Osteoporosis and cardiovascular disease cause increased morbidity and mortality in elderly females. Several epidemiological studies have demonstrated that these two conditions are closely related [
A high total cholesterol (TC) concentration is related to the risk of cardiovascular disease. Lipid levels are also used to assess the risk of coronary heart disease, as cutoffs indicating that the commencement of treatment is appropriate and as goals in patient outcomes [
A possible association between lipid profile and osteoporosis has also been investigated. Some researchers have demonstrated that an atherogenic lipid profile is associated with a lower bone mineral density (BMD) [
Apart from the lipid levels, a possible role for inflammation has also been suggested in both conditions. Increased level of high-sensitivity C-reactive protein (hsCRP) is tightly correlated with an increased incidence of coronary heart disease in healthy individuals [
In this study, we aim to investigate the association among lipid profiles, hsCRP, and bone turnover markers (BTMs) in healthy pre- and postmenopausal women to identify possible biomarkers that might predict osteoporosis.

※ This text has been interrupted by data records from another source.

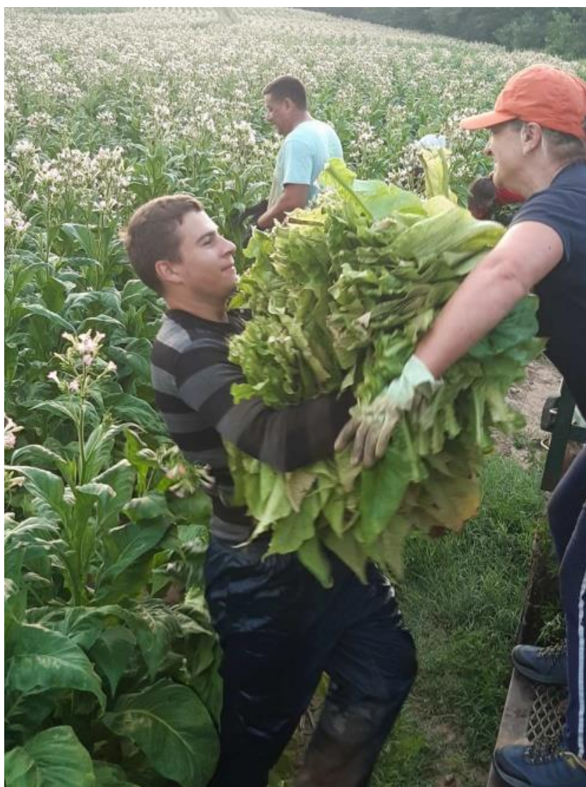
Slika 15. Berba duhana

Berba duhana (Slika 15.) na OPG-u «Dikšić» započela je 16. srpnja 2019. godine i obavljala se 3 puta tjedno. Utorkom se brala sušara kapaciteta 108 ramova, četvrtkom sušara kapaciteta 105 ramova i petkom susašara kapaciteta 99 ramova. U berbi je sudjelovalo 10 berača, 2 nosača i 3 osobe koje slažu listove duhana u spremnike. Berba se odvijala po insercijama od podbira, nadpodbir, srednje lišće, podvršak i vršak. Berba je trajala mnogo kraće no prijašnjih godina zbog pojave čestih ledotuča. Prosječni prinos osušenog lista bio je oko 1,6 t/ha.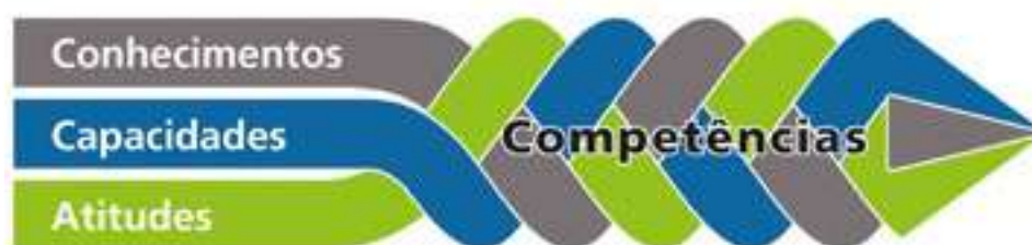
Figura 2 – Esquema conceitual de competência adaptado de “The Future of Education and Skills: OECD Education 2030 Framework”, In: Global competency for an inclusive world , OECD, 2016.

As competências são combinações complexas de conhecimentos, capacidades e atitudes, são centrais no perfil dos alunos, na escolaridade obrigatória. A Figura 2 ilustra este conceito salientando a interligação das três dimensões.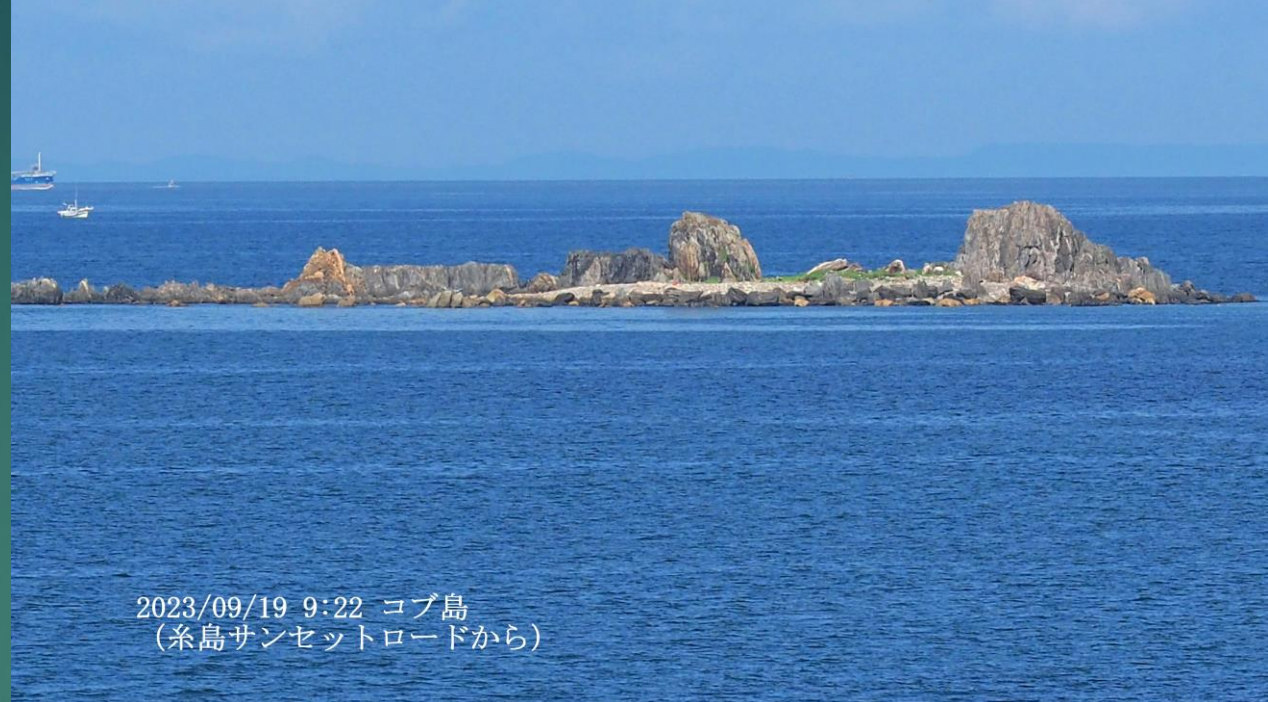
2023/09/19 9:22 コブ島 (糸島サンセットロードから)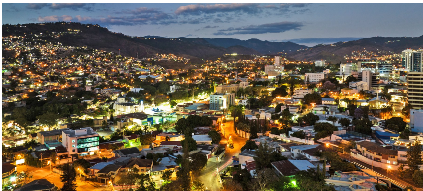
这是3月25日航拍的洪都拉斯首都特古西加尔巴。

洪都拉斯在西班牙语中意为“深邃”,这里原为印第安土著的居住地,也曾孕育了玛雅文明。洪都拉斯西北部的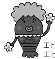
エビアミーゴの母 エビマードレ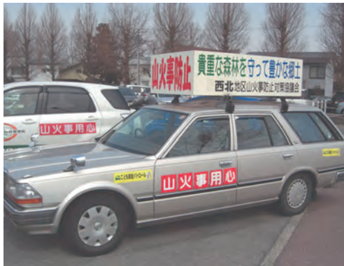
山火事防止宣伝パレードに出発 山火事用心!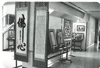
様々なジャンルの作品が出品されました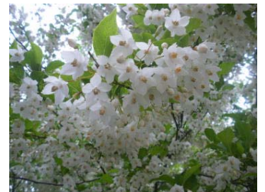
【エゴノキの純白の花】

学校の周りには、今、エゴノキが白い花を咲かせています。特に逆光で見ると大変美しい花です。やがて、花の数だけ、緑の実になります。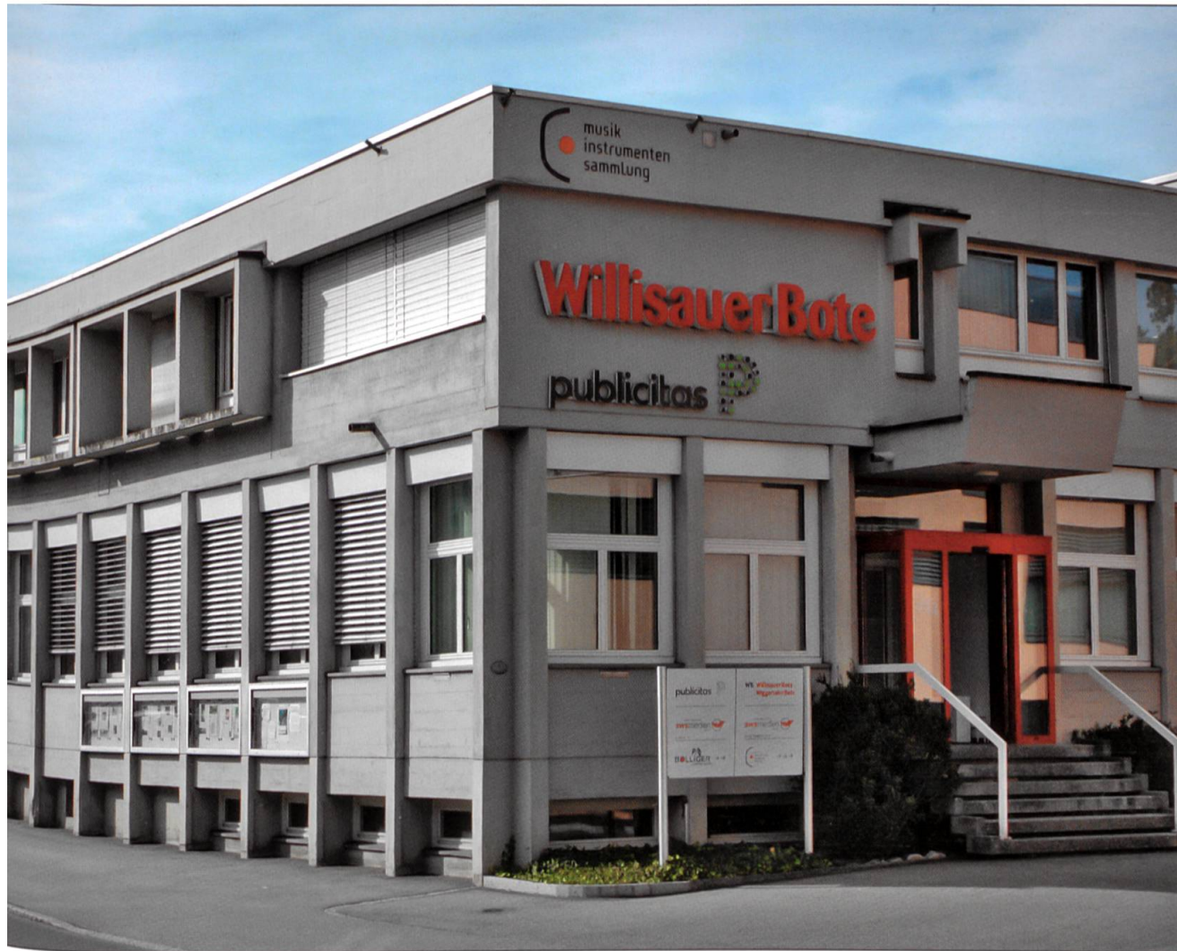
Das Gebäude der SWS Medien AG Verlag im Jubiläumsjahr 2012.

eben gerade wegen des Internets: «Unser Grundauftrag bleibt wichtiger denn je: ein verlässlicher Kompass in einer immer unübersichtlicheren Flut von Nachrichten und Ereignissen zu sein. Glaubwürdigkeit spielt dabei eine zentrale Rolle.»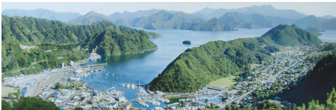
Новая Зеландия. Пиктон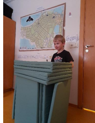
Tjáning: Börnin, koma uppá svið, segja sögur, Syngja og fara yfir helgina. Fjölbættar æfingar sem miða að því að stíga inni óttan sem opinberun kann að kalla fram og auka þannig sjálfstraust í framkomu. Áhorfendur, æfa sig í að bera virðingu fyrir þeim sem hefur orðið og gefa athygli.

Við tjáum okkur að stórum hluta með orðum. Orðin eru verkfæri til að tjá hug sinn og líðan. Börn deildarinnar eru misjafnlega langt á veg komin í málþroska. Til að lágmarka átök og hámarka vellíðan barnanna var tekin sú stefna að vinna markvisst að því að koma fyrir málörvun alstaðar þar sem færi væri á. Þetta byggir á samstilltu átaki allra á starfsmanna deildarinnar. Öll börn fá að lágmarki 20 mínútur lestur á dag, starfsmenn setjast niður með börnum í matsal snæða og spjalla um borðsiði, dægurlagatextar brotnir og sniðug orð skoðuð, Vísur í samveru, söngur í 30 mín á dag, orðasturtan og tjáningarleikir. Við ræddum ólík tungumál og staðsetningu landa á jarðkringlunni, menningu og fjarlægðir. Samhliða því lærðum við að segja góðan daginn á móðurmáli allra barna á deildinni eða á 7 mismunandi vegu.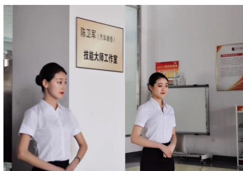
2.7 技能大师工作室成功揭牌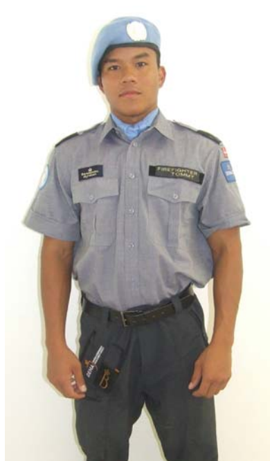
Den officielle uniform.

Under uddannelsen bærer holdmedlemmerne Beredskabsstyrelsen blå standarduniform (også kaldet hverdagsuniformen), som er en arbejdsuniform, der er designet til brug ved al daglig tjeneste.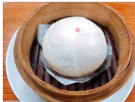
ジャンボあんまん 1ヶ ¥310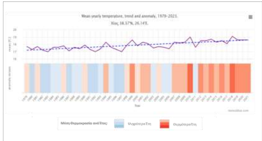
Εικόνα 1: Ετήσια Αλλαγή Θερμοκρασίας στη Χίο έτη 1979 – 2023

Όσον αφορά στη μεταβολή της θερμοκρασίας η γραμμή τάσης της κλιματικής αλλαγής (διακεκομμένη μπλε γραμμή) παρουσιάζει σαφή ανοδική πορεία ιδίως από το έτος 2007 σημειώνοντας τις υψηλότερες τιμές της τα έτη 2010 και 2018. Η κατανομή των βροχοπτώσεων φαίνεται να παρουσιάζει, με ορισμένες διακυμάνσεις, πιο ξηρό κλίμα μέχρι το έτος 2008 ενώ από το 2009 έως σήμερα οι βροχοπτώσεις παρουσιάζουν μικρή ανοδική τάση.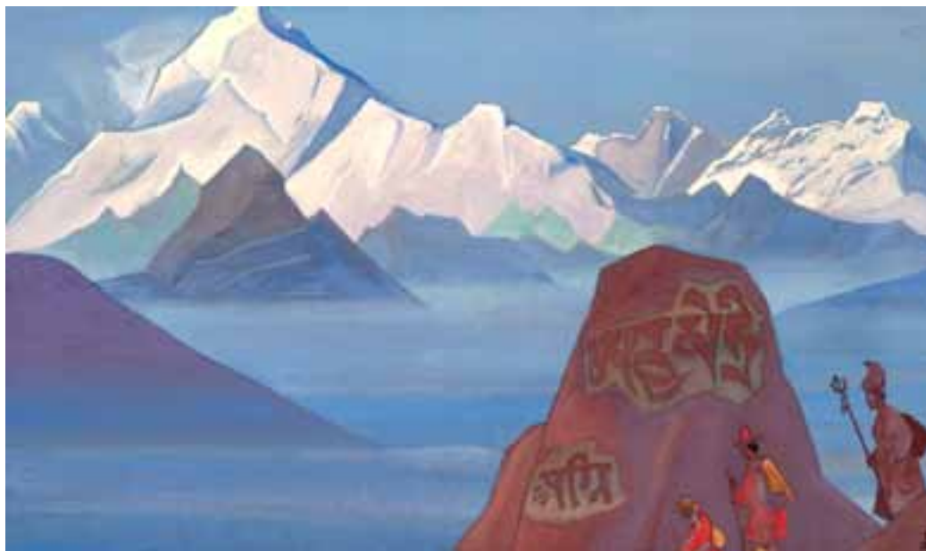
Н.К. Рерих. ПУТЬ НА КАЙЛАС. 1932

«В стане некоторое волнение, — записывает во время Центрально-Азиатской экспедиции Н.К. Рерих. — Мы подходим к Брамапутре, той самой, которая берёт исток из священного Манасаровара — озера великих Нагов. Здесь родилась мудрая Ригведа, здесь близок священный Кайлас, куда ходят пилигримы, предчувствуя, на каком великом пути лежат эти места» 19 . «Когда нам оставался один день пути до Манасаровара, весь караван воспрял духом — так далеко воздействует аура священного действующего ашрама» 20 .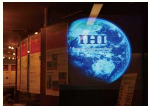
横浜事業所内の展示室。色々な技術が世界の幅広い分野で活かされています。

ロボット工学や制御を研究していました。学部の研究は3年生の後半から始まりますが、実際は4年生からが本番。ロボットの研究室に入りましたが、1年では短いなと思い、大学院の知能機械システム工学専攻に進学しました。研究と学会で忙しかったです。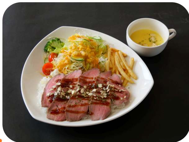
ローストビーフ プレート ¥1380 (税込)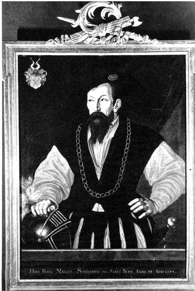
Rechts: Hans Franz Nägeli, der Eroberer der Waadt (1496—1579). Er ist heute noch einer der populärsten Gestalten der bernischen Geschichte. Seiner umsichtigen Kriegsführung ist in hohem Masse die erfolgreiche, rasche und unblutige Eroberung des Waadtlandes, mit welcher Bern seinen grössten Gebietszuwachs erhalten hat, zu verdanken. Während mehr als 40 Jahren war er der einflussreichste Mann in Bern. Er galt auch als einer der reichsten Berner.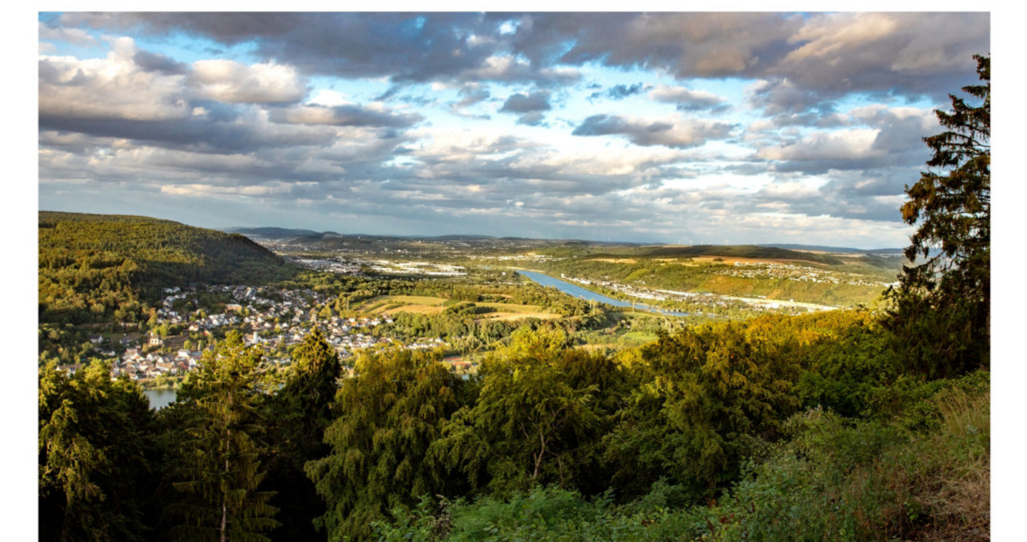
Talblick von der Löschemer Kapelle nach Trier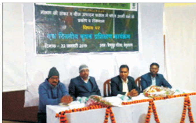
एफएडब्ल्यू पर सुग्राहीकरण कार्यशाला Sensitization workshop on FAW

सचिव, डेयर और महानिदेशक, भाकृअनुप की अध्यक्षता में दिनांक 20 अगस्त, 2018 को कृषि भवन, नई दिल्ली में फाल अर्मीवार्म पर एक उच्च स्तरीय बैठक आयोजित की गई। सचिव, डीएसी और एफडब्ल्यू की अध्यक्षता में दिनांक 14 नवंबर को कृषि भवन में एक और उच्च स्तरीय बैठक हुई। फाल अर्मीवार्म पर राज्य पदाधिकारियों के सुग्राहीकरण के लिए 16 नवंबर का कोलकाता में और 29 नवंबर को पटना में जागरूकता कार्यशालाएं आयोजित की गईं। प्रमुख मक्का उत्पादक जिलों से जिला अधिकारियों ने कार्यशालाओं में भाग लिया।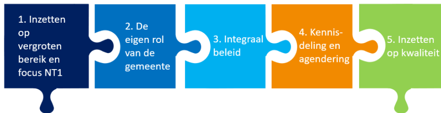
Figuur 2. Actielijnen.

In de regio zijn de taken voor de uitvoering van de geletterdheidsaanpak als volgt verdeeld. De gemeente Leeuwarden heeft als centrumgemeente vanuit het WEB-budget de volgende (wettelijke) taken: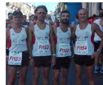
L'ULTRARUNNING A PIEDIMONTE ETNEO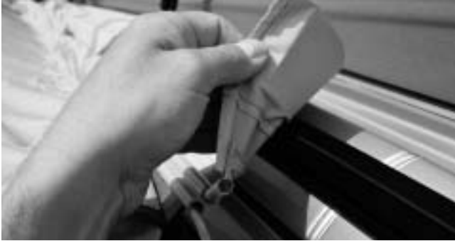
4. Sonderausstattung / special equipment: Magnetadapter / magnetic adaptor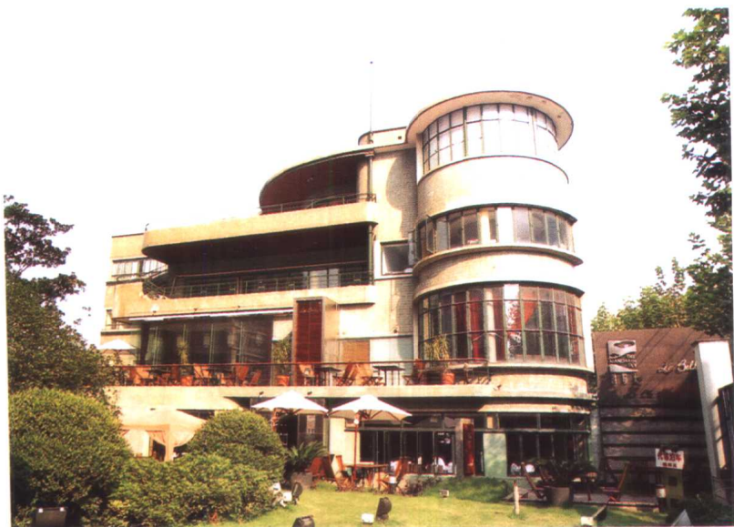
原吴同文宅——现代式建筑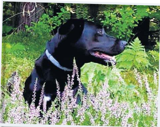
Bunia Właściciel: Wanda Zawrotna, powiat ostrołęcki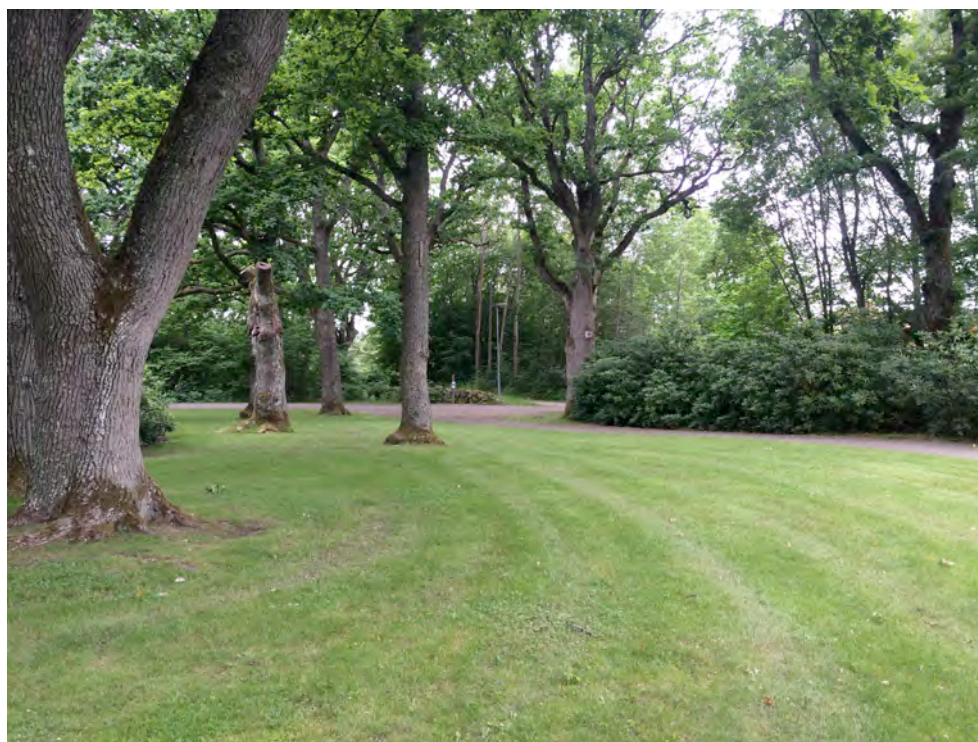
Svärmande vattenfladdermöss påträffades kring en grupp ekar i Folkets Park.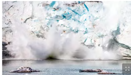
Photo prise en août 2019 du glacier Apusijajik, près de Kulusuk, au Groenland.

Par Anne-Laure Frémont et AFP agence Publié le 25/08/2020 à 14:43, mis à jour le 25/08/2020 à 15:00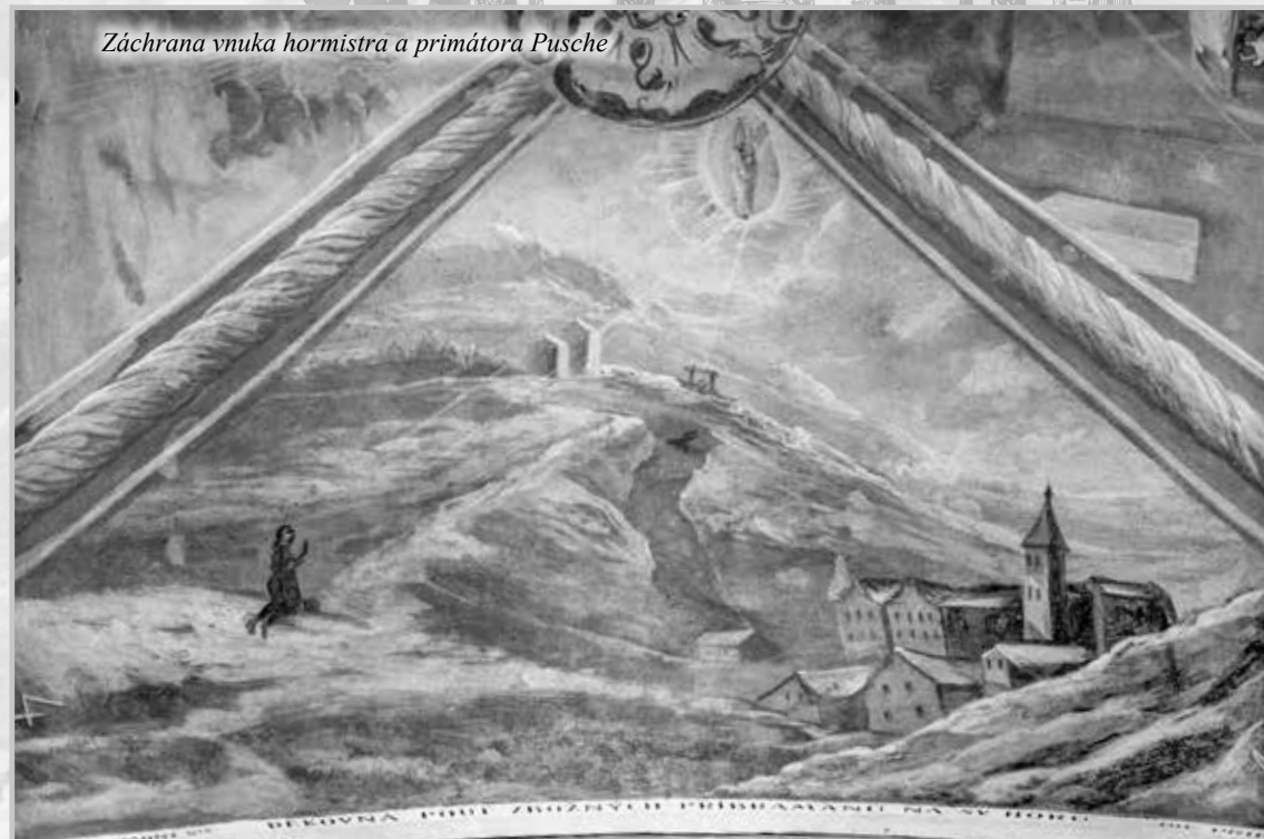
Záchrana vnuka hormistra a primátora Pusche

Primátor a hormistr Pusch klečí před císařem, detail z medaile 1728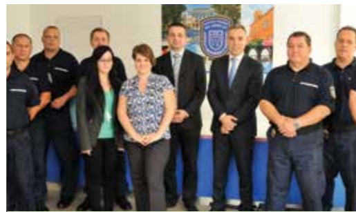
Több rendész védi a közterületeket és a kerületben élóket

Javaslatomra 2014-ben a kispesti képviselő-testület létrehozta a Kispesti Rendészeti Központot. Azzal a céllal alakítottuk meg a kerület saját rendvédelmi szervét, hogy támogassuk a rendőrség munkáját, és a kerület biztonságosabb, rendezettebb városrésze lehessen a fővárosnak. Elsősorban a közterületek rendje ellen elkövetett szabálysértésekkel, illegális hulladékkihelyezéssel, kisebb súlyú bűncselekményekkel foglalkoznak a közterületfelügyelők és a Rendészeti Központ munkatársai. Az a célunk, hogy működésüknek köszönhetően a kerület rendezettebb, tisztább és biztonságosabb legyen. Éppen ezért azt tervezzük, hogy a következő évben újabb közterületfelügyelők, rendészek állnak munkába. Reményeink szerint a megnövelt járőrállománynak köszönhetően tovább javul az itt élők biztonságérzete.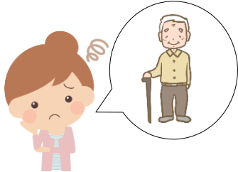
最近、外出している姿を 見かけなくなった

The study population consisted of 759 Korean women older than 20 years of age who visited the Health Promotion Center of Asan Medical Center, Seoul, Korea, from January 2006 to December 2008, and in whom BMD and serum BTMs were measured. A self-administered questionnaire explored their medical, medication, and behavioral history. The height and weight of each subject were measured, while the subjects were dressed in light clothing without shoes, and the body mass index (BMI, kg/m2) was calculated. Following an overnight fasting, venous blood was drawn from each subject for laboratory tests. Women were excluded if they had undergone a hysterectomy or if they had taken drugs such as HMG-CoA reductase, estrogen, or bisphosphonate, which could affect lipid levels and BMD.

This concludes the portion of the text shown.